En aquel tiempo, mi trabajo consistía en pasar la escobilla por los inodoros más infectos de Madrid para luego ponerme a escribir epitafios con ella. Dicho de otra manera, por aquel tiempo trabajaba en la sección de sucesos de un periódico que ya no existe y no había noche que no cargase la escobilla por la Gran Vía y sus alrededores; calles donde lumis pálidas calentaban el papel de plata a la luz de un mechero.
Recuerdo los sex-shop de entonces, con una clientela tan fiel como el olor a semen rancio que los impregnaba, y recuerdo también la furgoneta que se ponía cerca de la Telefónica, siempre con el motor encendido por si de estas cosas tenían que salir de naja. En la trasera vendían bocadillos de jamón, armados con pan duro y pringados con las rodajas de un tomate que parecía haber sido recogido en una huerta atómica. Los vendía un matrimonio filipino y ella se reía como si tuviera ataques de tos. Cada vez que le venía uno hasta la boca, la filipina enseñaba sus dientes de oro.
Eran vendedores ambulantes, miembros de lo que se viene a llamar economía sumergida. Con todo y a diferencia de los vendedores ambulantes matutinos, aquel matrimonio no vendía la mercancía más barata, sino que el horario condicionaba los precios de los bocadillos. Porque un bocata de jamón es un bien escaso a ciertas horas, aunque sea lo más parecido a la carne de una momia entre dos mendrugos de pan radioactivo. En aquellas noches de escobilla y papel de plata quemado, aprendí que la economía es una ciencia cuyas fórmulas caben en una sucia servilleta. También aprendí que todo periodista que se precie tiene que romper con preguntas los rincones donde la noche se ha hecho silencio.

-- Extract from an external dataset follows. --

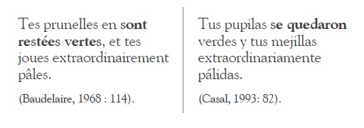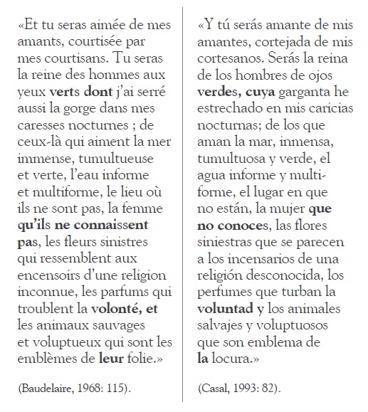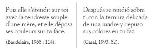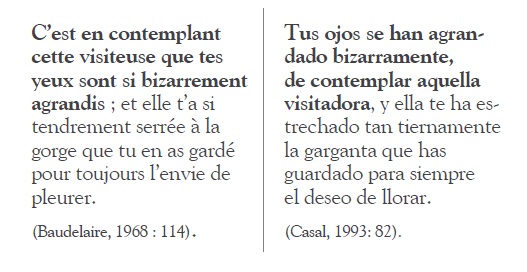 Continuando con el análisis, en la última parte del segundo párrafo, que citamos más adelante, cambia el orden de los componentes de la primera oración para cohesionar el texto; con ello se preserva la gramática española, ya que se evitó la traducción de en contemplant como gerundio en español, y se prefirió el infinitivo “de contemplar”. Se observa corrección sintáctica al evitar el empleo de una subordinación innecesaria que se habría presentado al traducir literalmente. Compárese la traducción literal del TO (“Es al contemplar a esta visitadora, que tus ojos son tan bizarramente agrandados”) con la que ofrece Casal. Hay que subrayar la elección que la pasiva refleja para dar cuenta del efecto de los colores lunares en los ojos verdes, idea que se subraya en el original con el empleo del pronombre de objeto directo en. También hay que resaltar el empleo del pretérito perfecto actual en lugar del presente para reforzar el efecto del acto de “contemplar”, con lo cual puede recuperarse el efecto de la partícula si, que enfatiza el sentido del adverbio bizarrement en el TO. Es evidente que el poeta busca que la traducción no le suene forzada al hablante hispánico, al tiempo que da cuenta del énfasis de la oración original, con su típica estructura de mise en relief.

Ahora, que la Gran Vía de Madrid se ha llenado de vendedores ambulantes y que en el Metro de Barcelona se extienden las mantas por el suelo, los apóstoles del neoliberalismo siguen empeñados en asegurarnos que al mundo le sobra gente. Con su doctrina, semejante a una pseudoreligión de raíz económica, pretenden demostrar que el sistema que predican es una ciencia cuyo modelo no funciona por culpa de una realidad que hace trampas y que no se sabe adaptar a sus teorías. Las fórmulas del neoliberalismo superan los márgenes de una de aquellas servilletas con las que los filipinos de entonces envolvían los bocatas.
Por eso, solo queda romper el silencio y cargar la escobilla para escribir a los defensores del neoliberalismo una pregunta que bien podría ser su epitafio: ¿Cómo van ustedes a resolver la vida a toda esta gente que vende su mercancía en las calles?